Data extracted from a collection
____
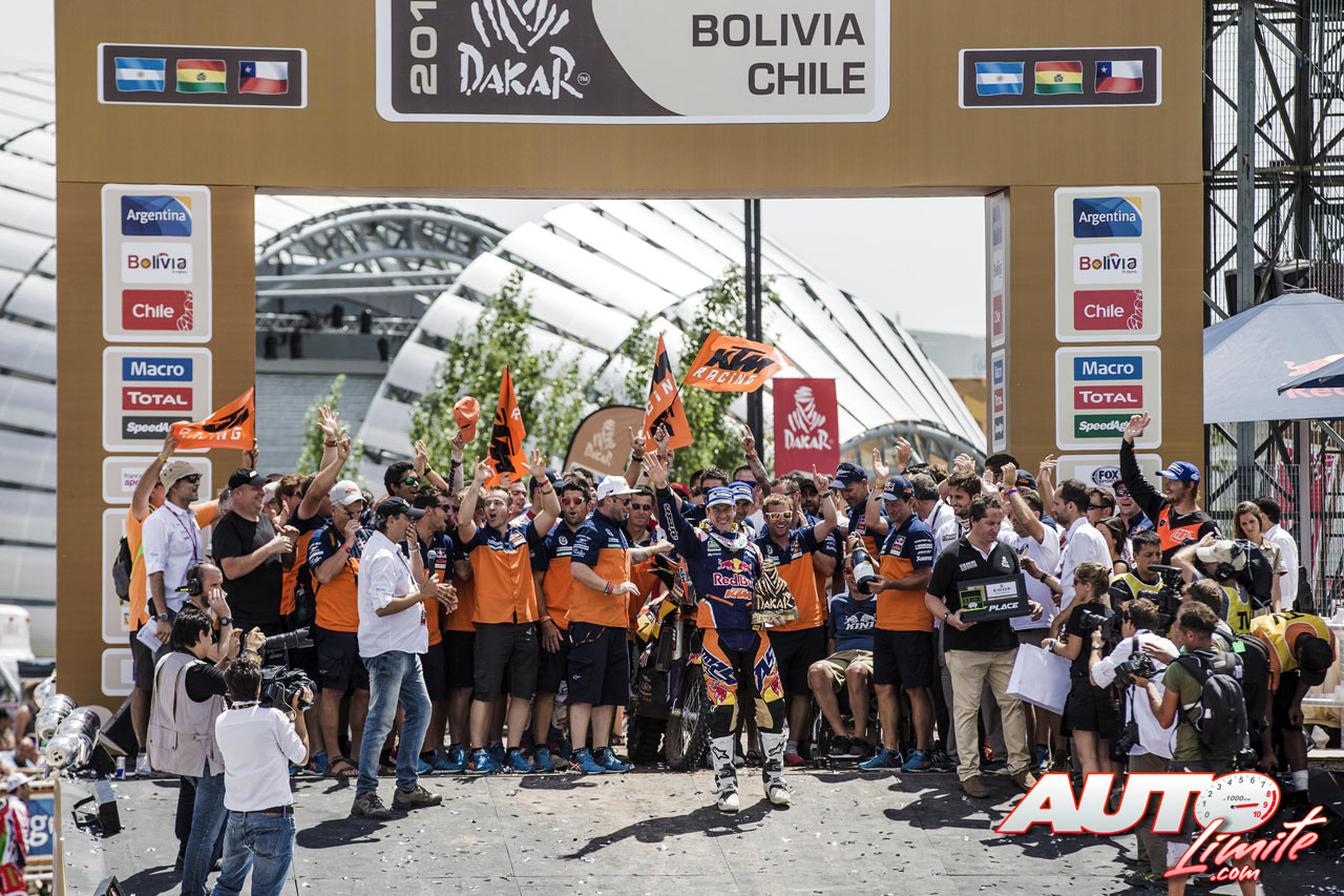 Marc Coma celebra sobre el podio de Technopolis su victoria en el Rally Dakar 2015.
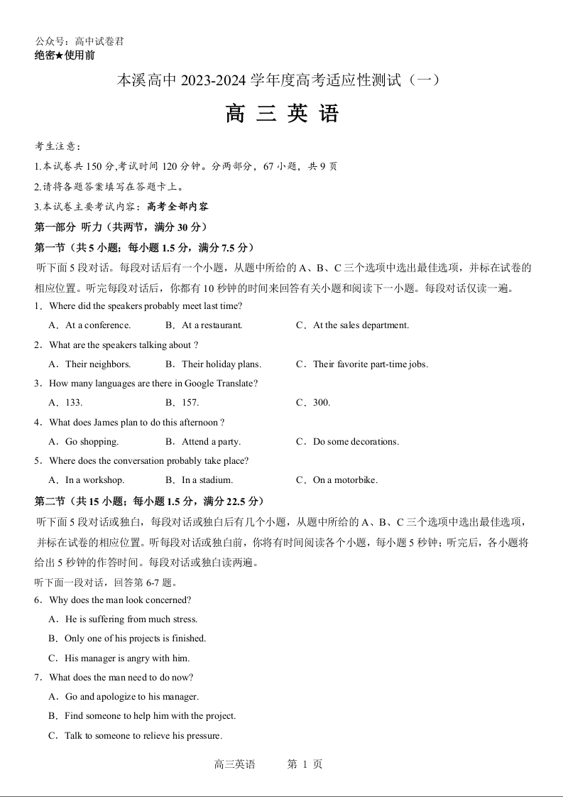 本溪高中2023-2024学年度高考适应性测试(一)英语试题
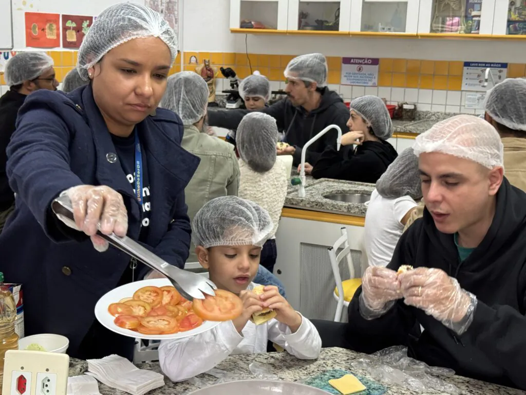 Já na atividade Mistura que Aproxima, pais e filhos colocaram a mão na massa preparando mini hambúrgueres, provando que cozinhar juntos é uma receita infalível para criar memórias afetivas.
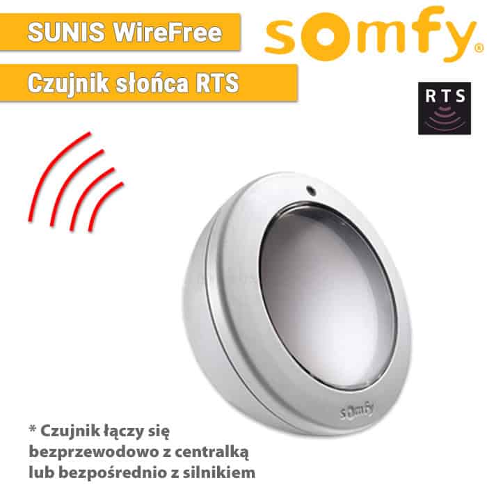 Somfy Sunis WireFree RTS to całkowicie niezależny radiowy czujnik nasłonecznienia, którego zadaniem jest wykrywanie jasności i na podstawie ustawionych wytycznych sterowanie markizami tarasowymi, roletami zewnętrznymi i wewnętrznymi, a także żaluzjami lamelowymi oraz innymi osłonami domowymi i tarasowymi z napędem w technologii RTS.
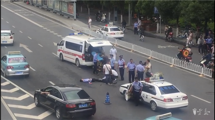 記者到達現(xiàn)場時,120急救人員已經(jīng)將兩名男子抬到車上送往醫(yī)院救治。目擊者胡先生介紹,23日11點40分左右他從這里經(jīng)過,“當時這兩個民警已躺在機動車道中間了,后來我從別人那里得知,派出所的民警在一旁的非機動車道上設卡檢查電動車,然后就有一個電動車沖卡,這兩個民警上前制止時被沖卡電動車撞倒了?!?/p>
____
* _Required work_
Could you transcribe the records above exactly, leaving every picture out?

* _The answer_
 Marc Coma celebra sobre el podio de Technopolis su victoria en el Rally Dakar 2015.
 本溪高中2023-2024学年度高考适应性测试(一)英语试题
 Já na atividade Mistura que Aproxima, pais e filhos colocaram a mão na massa preparando mini hambúrgueres, provando que cozinhar juntos é uma receita infalível para criar memórias afetivas.
 Somfy Sunis WireFree RTS to całkowicie niezależny radiowy czujnik nasłonecznienia, którego zadaniem jest wykrywanie jasności i na podstawie ustawionych wytycznych sterowanie markizami tarasowymi, roletami zewnętrznymi i wewnętrznymi, a także żaluzjami lamelowymi oraz innymi osłonami domowymi i tarasowymi z napędem w technologii RTS.
 記者到達現(xiàn)場時,120急救人員已經(jīng)將兩名男子抬到車上送往醫(yī)院救治。目擊者胡先生介紹,23日11點40分左右他從這里經(jīng)過,“當時這兩個民警已躺在機動車道中間了,后來我從別人那里得知,派出所的民警在一旁的非機動車道上設卡檢查電動車,然后就有一個電動車沖卡,這兩個民警上前制止時被沖卡電動車撞倒了?!?/p>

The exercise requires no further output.